The rolling sound of thunder
EVERY thunder rumble has a different frequency. The noise we hear as thunder is created when lightning superheats the air it travels through. When air is heated it expands and, in a lightning flash, the expansion is so fast that a shock wave is created, causing the sound wave we hear as thunder. Essentially, the frequency of the sound wave depends on how fast the air expands, which in turn depends on the stability of the air and other complicated, thermodynamic factors.
But each roll of thunder sounds slightly different. You may have noticed that at the start of a roll of thunder you will hear a sharp clap and then the rest of the thunder rumble continuing after it. The sharp clap is at a much higher frequency. The reason we hear different types of thunder – the long roll or the short crack – is due to the path the lightning takes.
Imagine a flash that starts a kilometre above our heads and travels diagonally to hit the Earth a kilometre from our feet.

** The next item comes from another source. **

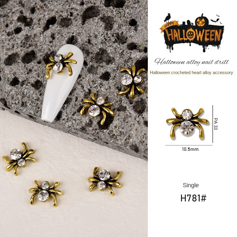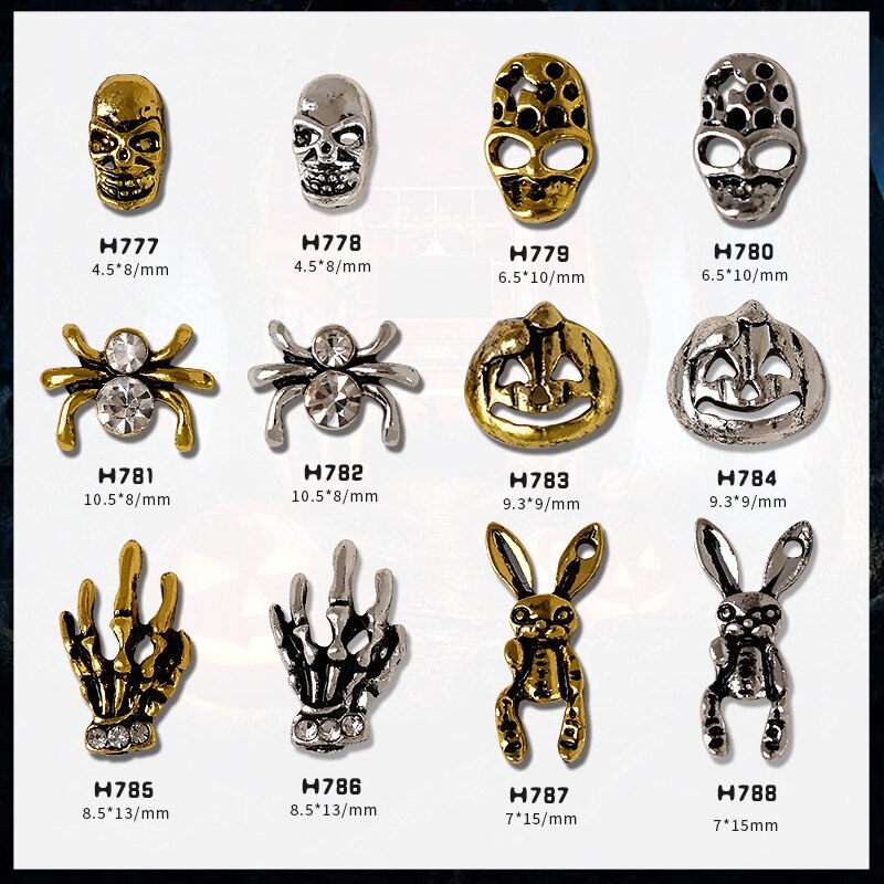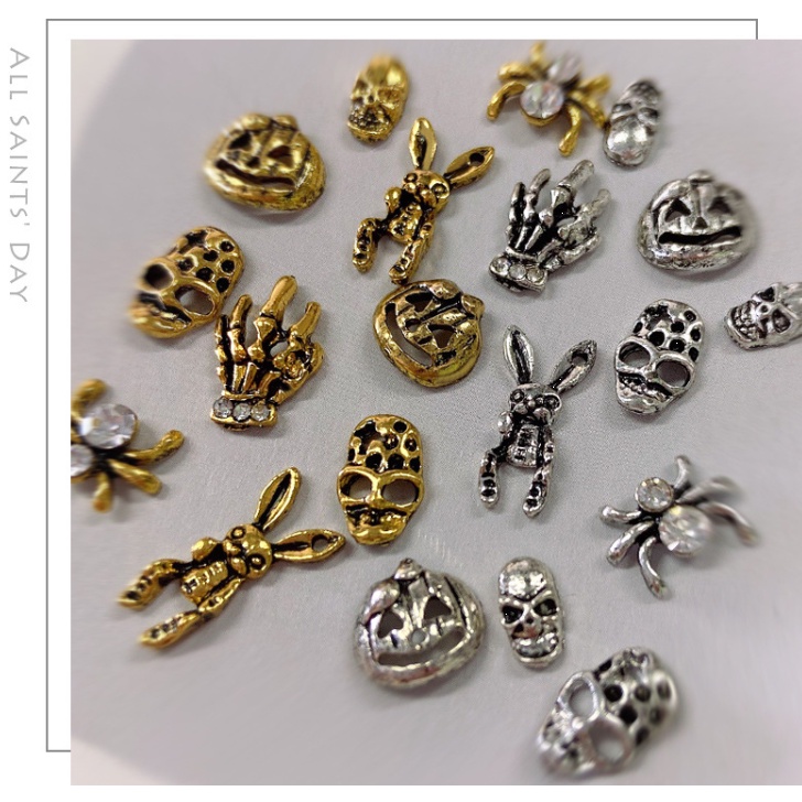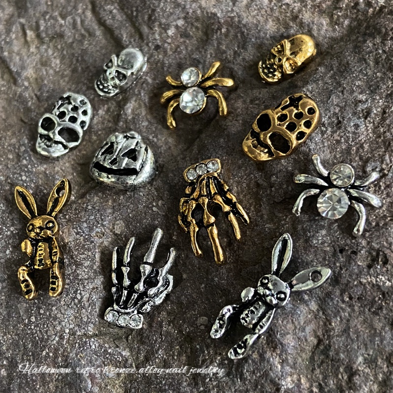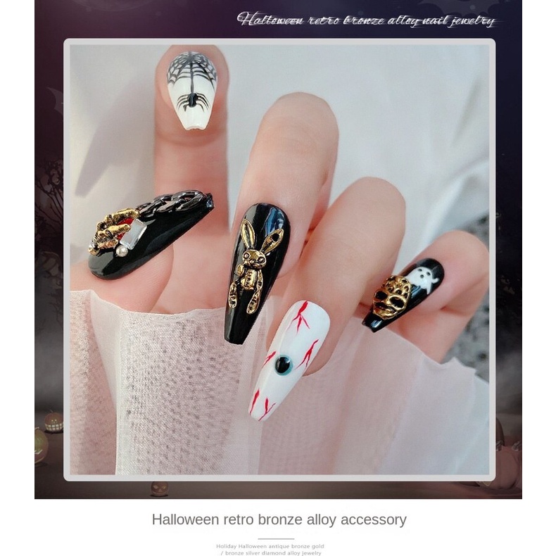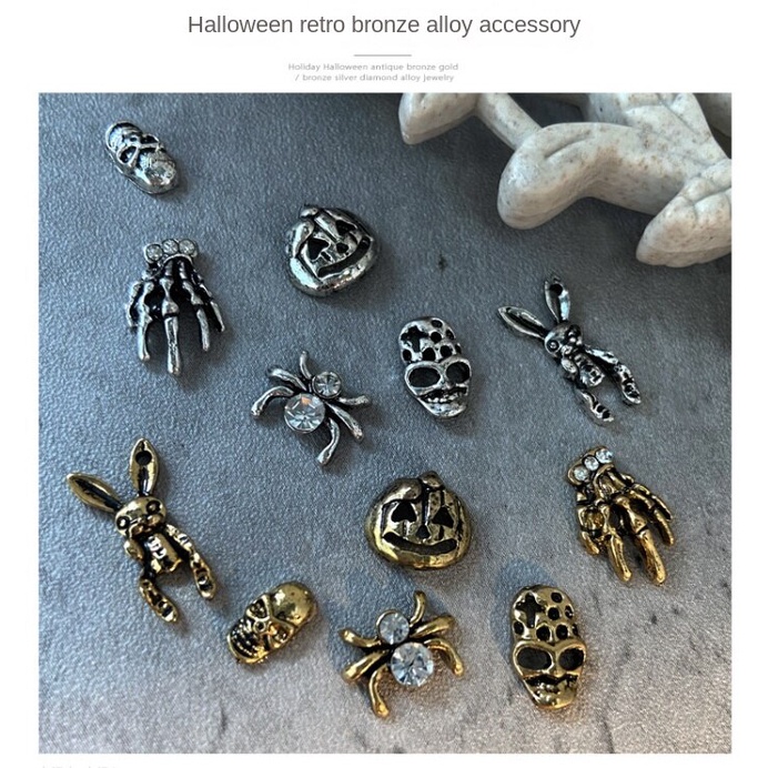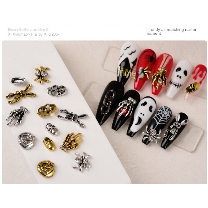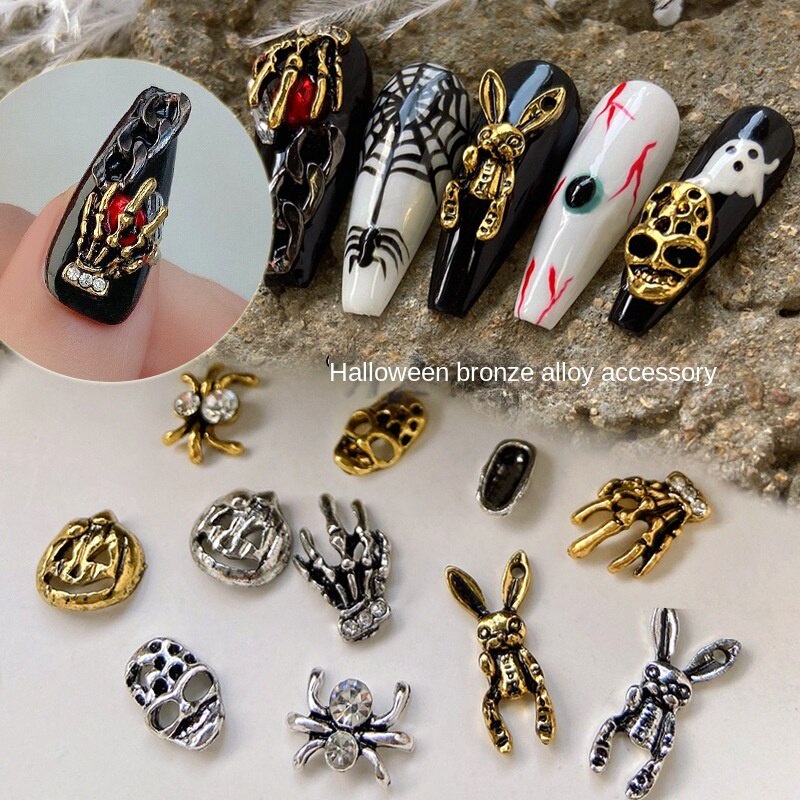 เครื่องประดับเล็บโลหะฮาโลวีน / เล็บผีเพชรประดับเล็บผีใบหน้ากะโหลกศีรษะแมงมุมเล็บ / เครื่องประดับเล็บโลหะผสมวินเทจ

Every point on that path is (very roughly) the same distance from us, so the sound from every point of the flash hits us at about the same time. This gives a loud “crack” kind of noise. Now, imagine a flash that starts about a kilometre up but ends close to our feet. The sound from the start of the flash’s path has to travel much further than the sound from the end and will, as a result, reach us much later. This creates the long, slow roll of thunder at a lower frequency.